If a state superintendent were going to step into the fray, DeKalb, Georgia’s third-largest school district, is a likely place for it to occur. Three factors draw inordinate attention to political dramas in DeKalb Schools.
First, the 92,000-student district is in the metro area, where there is lots of news coverage. Other school districts in Georgia hire school chiefs weighted down with troubling baggage. But there are few newspapers or TV stations watching the process.
Second, DeKalb sheds superintendents with disturbing frequency. The DeKalb board chose Devon Horton after a seven-month search to replace Cheryl Watson-Harris, hired in 2020 from the New York City Department of Education and fired less than two years later. The board enticed Tinsley out of retirement to lead the district as interim. Counting interims, Horton would be the district’s ninth superintendent in 13 years.

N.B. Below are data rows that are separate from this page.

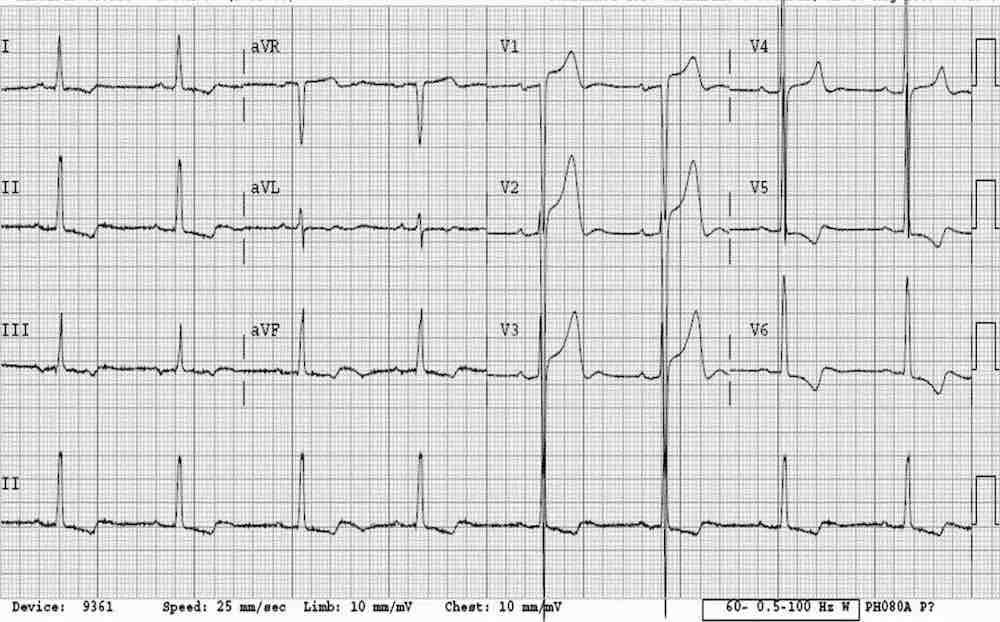 Wang K, Asinger RW, Marriott HJ. ST-segment elevation in conditions other than acute myocardial infarction. N Engl J Med. 2003 Feb 13;349(7):2128-35.
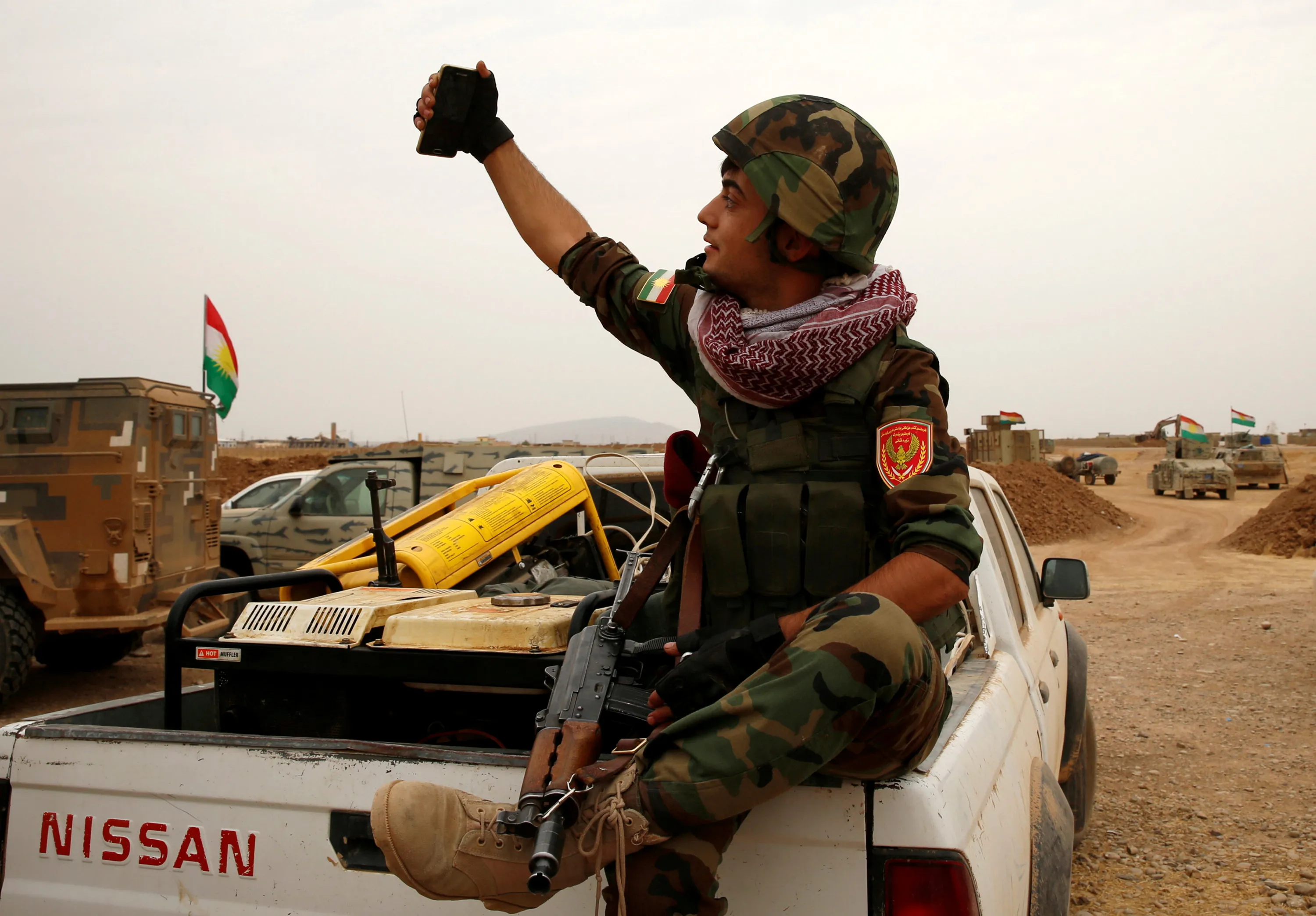 A Kurdish Peshmerga fighter takes a selfie during a short break from battle with Islamic State militants at Jarbuah village near Bashiqa near Mosul, Iraq October 28, 2016. (Photo by Ahmed Jadallah/Reuters)
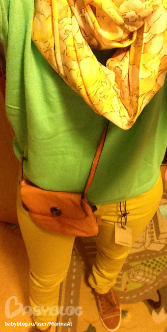 Сегодня пришла посылочка и мои первые попытки раскрасить гардероб в более яркие краски постепенно воплощаются в жизнь..., но не без промахов. Джемпер очень велик, перезаказала... Как придет - сделаю нормальное фото. А пока это выглядит так...
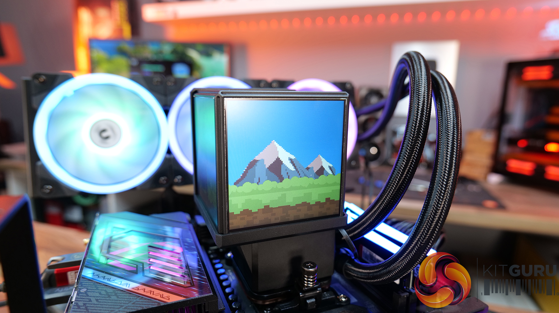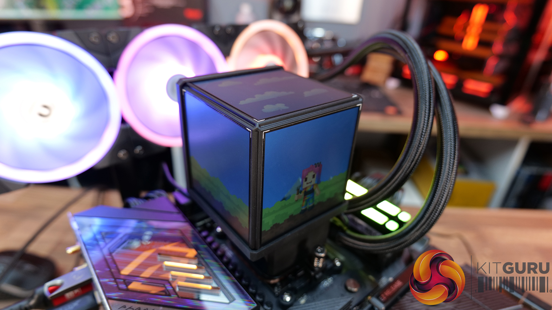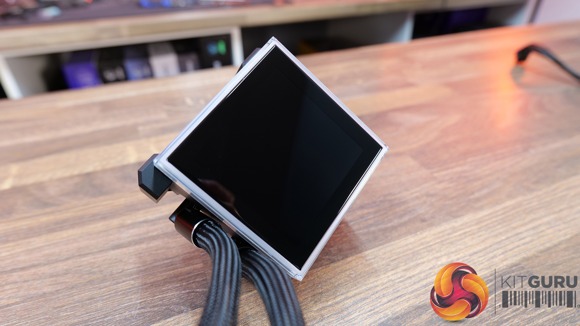 - Customisable 1.48-inch LCD — The pump block sports an LCD screen with 240 × 240 resolution, 18-bit (262K colour) display with 300 cd/m² backlight. The screen can display real-time performance stats, custom images and GIFs, plus videos and system information.
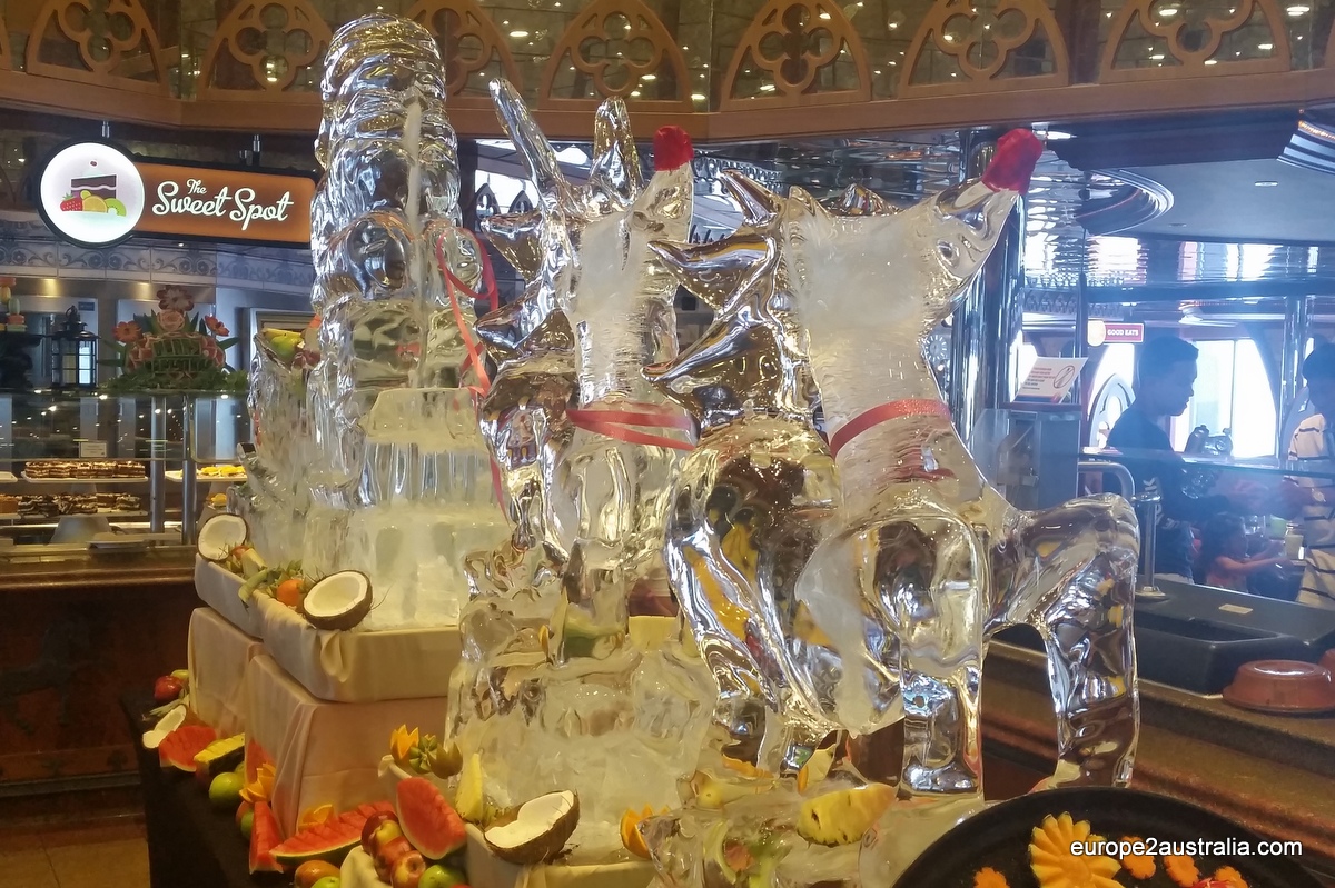 And, since we were on a cruise, the stereotypical ice sculpture was in the shape of a sleigh (although filled with tropical fruit instead of presents).
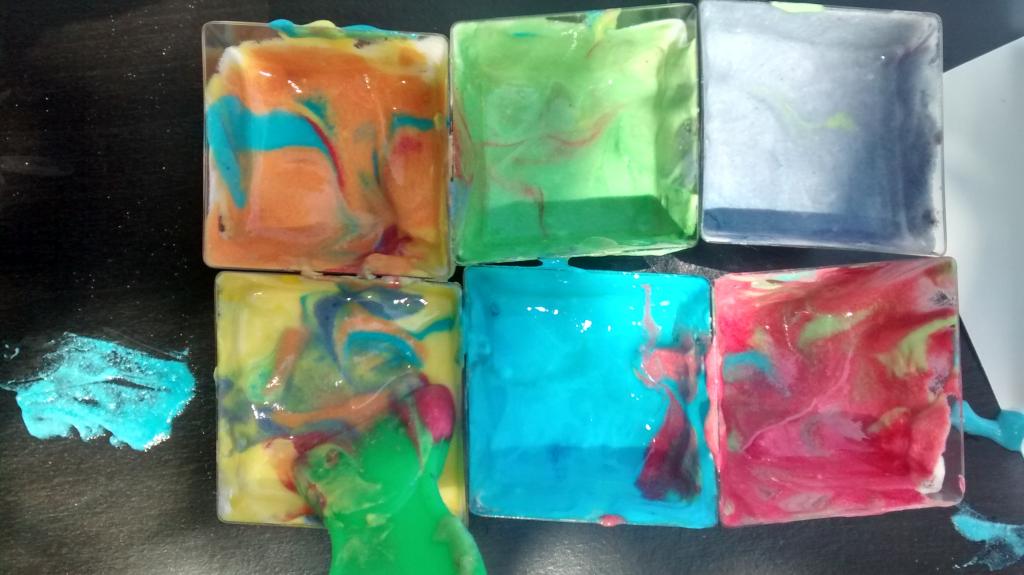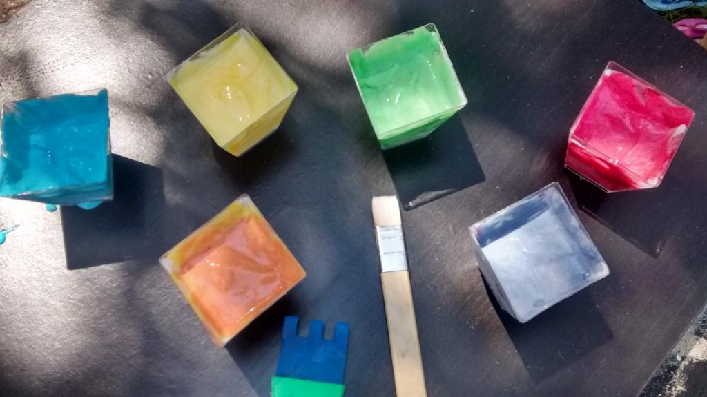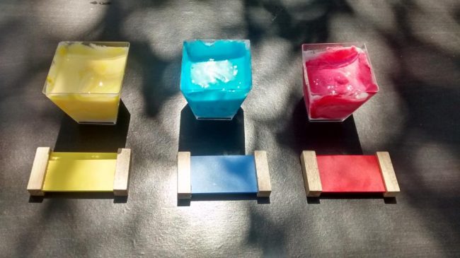 Luego dividimos la masa en tantos recipientes como colores queramos obtener. Añadimos a la masa unas 20 gotas de colorante alimenticio del color que queramos, volvemos a mezclar bien y… ¡a pintar!

Third, the parent base in DeKalb springs into action quickly and forcefully when roused. These are parents who will delve deeply into a candidate’s achievements and failures from current and former districts. Horton’s background gives these parents some legitimate grounds for concern.
As reported by the AJC’s DeKalb schools reporter Cassidy Alexander: Horton filed for bankruptcy in 2006 and again in 2015. Records show he had hundreds of thousands of dollars in debt. Horton now leads the Evanston/Skokie School District 65 in Illinois, which has 6,500 students and no high schools. As Alexander reported, DeKalb is 14 times the size of Horton’s current district.

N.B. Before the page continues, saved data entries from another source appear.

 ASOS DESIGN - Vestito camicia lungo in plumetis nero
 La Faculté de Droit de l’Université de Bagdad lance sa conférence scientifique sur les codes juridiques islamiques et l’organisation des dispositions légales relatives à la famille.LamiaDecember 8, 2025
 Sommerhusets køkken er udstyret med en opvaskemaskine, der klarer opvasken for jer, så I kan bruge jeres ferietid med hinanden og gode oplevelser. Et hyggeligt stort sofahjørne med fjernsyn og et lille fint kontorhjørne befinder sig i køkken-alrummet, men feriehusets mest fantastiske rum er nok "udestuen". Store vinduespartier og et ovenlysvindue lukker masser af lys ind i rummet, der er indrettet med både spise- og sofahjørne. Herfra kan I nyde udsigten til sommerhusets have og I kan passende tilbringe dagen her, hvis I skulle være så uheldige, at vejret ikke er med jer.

Along with State Superintendent Woods, others want Tinsley to stay put, including school board member Joyce Morley, who told the AJC, “Tinsley was in the top five ... It came down to him or her.”
The DeKalb-based Georgia Federation of Teachers has also questioned Horton’s selection, asking the school board members to allow “more top candidates to be seen and heard” in an email last week. “Since our recent 15-year history is so checkered, our taxes are constantly rising, and the state has a weapon to take over school districts, I strongly caution this board per its selection and hiring of this candidate,” wrote federation President Verdaillia Turner.
On her Facebook page, school board member Allyson Gevertz defended the board’s choice of Horton, writing, “We understand there may be concerns regarding Dr. Horton coming to the DeKalb County School District from a smaller school system ... Dr. Horton served as Chief of Schools in the Jefferson County Public Schools in Kentucky, which at approximately 101,000 students, is larger than DCSD and its 92,0000 students. These professional experiences provide a unique perspective on how to navigate the complexities of varied school populations.”
Eight community members addressed the school board Monday night about the superintendent search and the need for consistency. Lance Hammonds, president of the NAACP DeKalb branch, told the board that DeKalb must have a visionary leader who will stay in the role long enough to make real change.
“We are asking you to stop the revolving door of superintendents,” said Hammonds. “Get it right this time. If, in a couple of years, we are here again looking for another superintendent, we must hold each and every one of you accountable for the decisions you make that fail our students. This is a moment in time when you must have the courage to determine what is best for our children and do it.”